Given information —
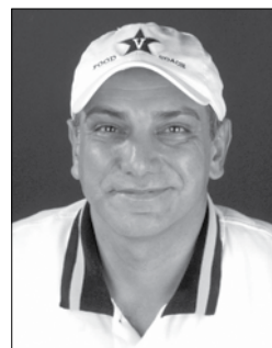
"Magic" Noori Food Coach
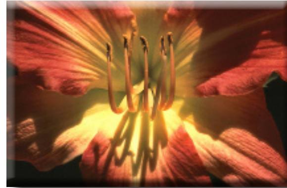
"Flower Power" Andy de Naray
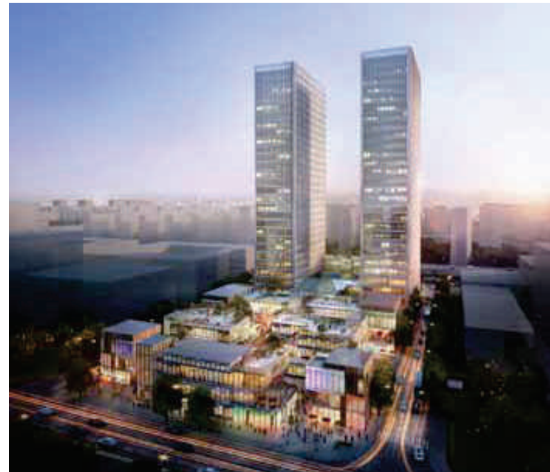
Qian Tan Office Park, Shanghai, China

Aim of the task —
Leave out the pictures. Transcribe the rest of the listing above exactly.

Answer box —
"Magic" Noori Food Coach
"Flower Power" Andy de Naray
Qian Tan Office Park, Shanghai, China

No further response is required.